Das Tanelorn spielt > [Cthulhu] Spawn of Azathoth
[SoA 2. Akt] Am Kaiserdamm - Sa., 17.09.1927
Der Läuterer:
Samstag, 17. Sept. 1927
IM EINGANGSBEREICH DES HAUSES
Als Ihr nach Hause kommt und die Tür aufschliesst, seht Ihr einen Brief am Boden liegen, der offensichtlich unter der Tür durchgeschoben wurde.
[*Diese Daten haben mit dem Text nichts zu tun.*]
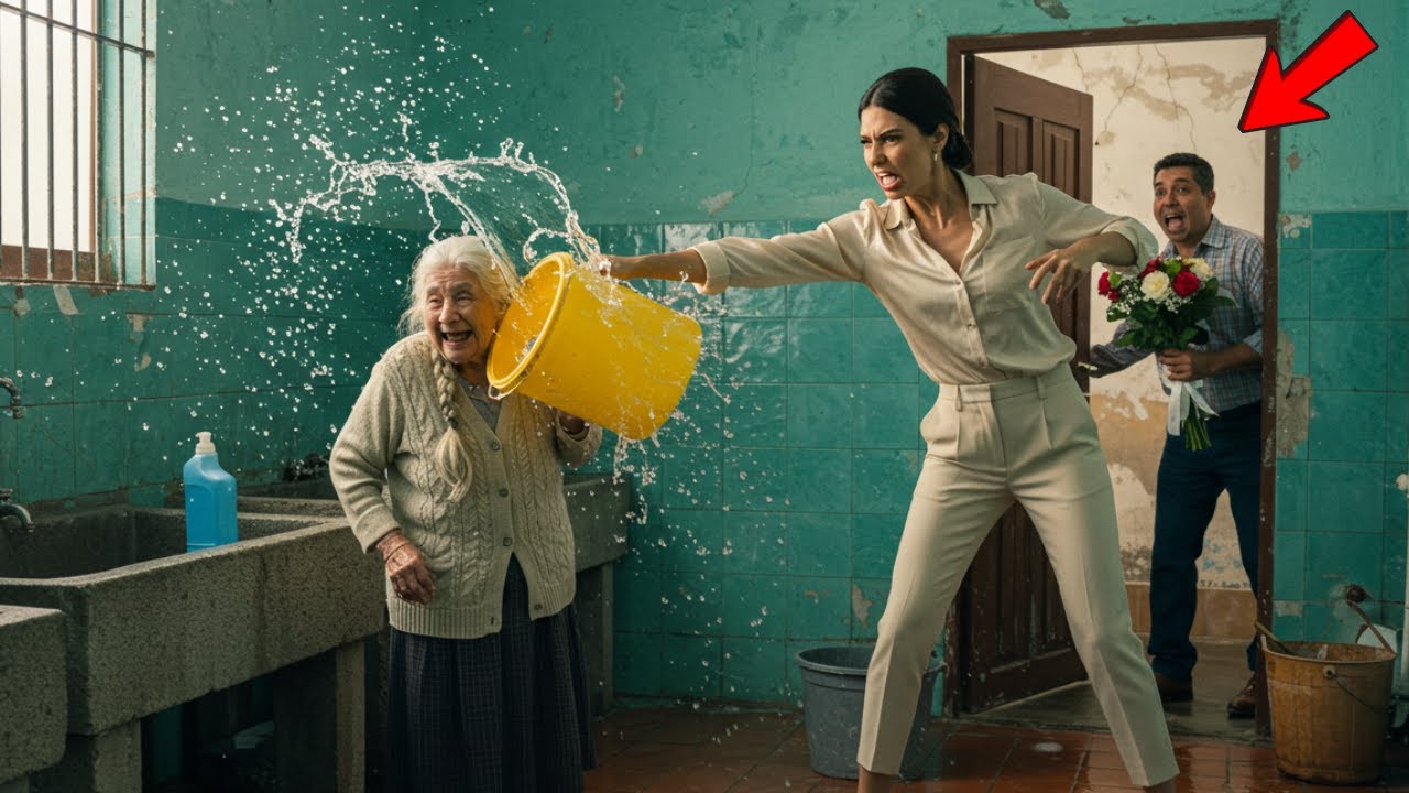 Entonces apareció Verónica, pelo recogido, guantes de ule en las manos, una sonrisa de comisura. “Despierta, vieja”, susurró. “Ya que le gusta el agua, olla y limpieza.” Volteó la cubeta de una vez y el agua corrió como un río casero pegándole a los pies de María. Taco ladró y Arturo apareció de un brinco. Basta. Su voz cortó el pasillo como navaja. Baja esa cubeta Verónica.

Darauf geschrieben, in etwas krakeliger Handschrift, steht:
z.Hd. Hr. Anton
Joran:
IM EINGANGSBEREICH DES HAUSES
Verwirrt betrachte ich den Brief am Boden. Die Dienstbotenpost hat hier eigentlich nichts zu suchen. Verlegen murmele ich: "Entschuldigung ... ich habe keine Ahnung ..."
Dann lasse ich den Brief in der Innentasche meines Jackets verschwinden und gebe mich wieder dienstbeflissen: "Wenn Sie den Wagen nicht weiter benötigen, würde ich ihn in die Garage stellen?"
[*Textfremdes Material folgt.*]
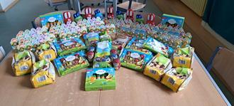 Saisonale Weihnachts- und Osterartikel, die noch lange haltbar sind, aber eben nicht mehr bis zum nächsten Fest, entsorgen? Nein, wenn man doch damit knapp 160 Kinder glücklich machen kann. Diesen wundervollen Gedanken hatte Frau Nadine Maier, Filialleiterin des Rewe Marktes, hier in Wadgassen.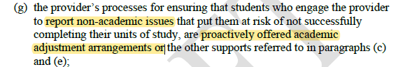 A broad definition of ‘non-academic issues’ is a problem when combined with a mandated requirement to proactively offer an ‘academic adjustment arrangement’, also not defined.

Gleichzeitig zermartere ich mir das Gehirn, von wem der Brief stammen könnte.
Joran:
AM KAISERDAMM
Kaum dass die Motorengeräusche des Mercedes W 03 verklungen sind, ziehe ich den Brief wieder aus der Tasche und reiße ungeduldig das Covert auf. Im Halbdunkle der Garage lese ich zuerst die Unterschrift und dann die knappen Worte von Trudi:
Tachchien Herr Anton,
gegen Mittag habe ich Frau von Eisenstein im Wohnzimmer
aufgefunden. Tot. Vor dem Mittagessen.
Schrecklich. Es hätte mich beinahe der Schlag getroffen.
Der Arzt war hier. Er sagte etwas von Überbeanspruchung.
Es ist wohl doch ein Fall für meinen guten Sherlock Holmes.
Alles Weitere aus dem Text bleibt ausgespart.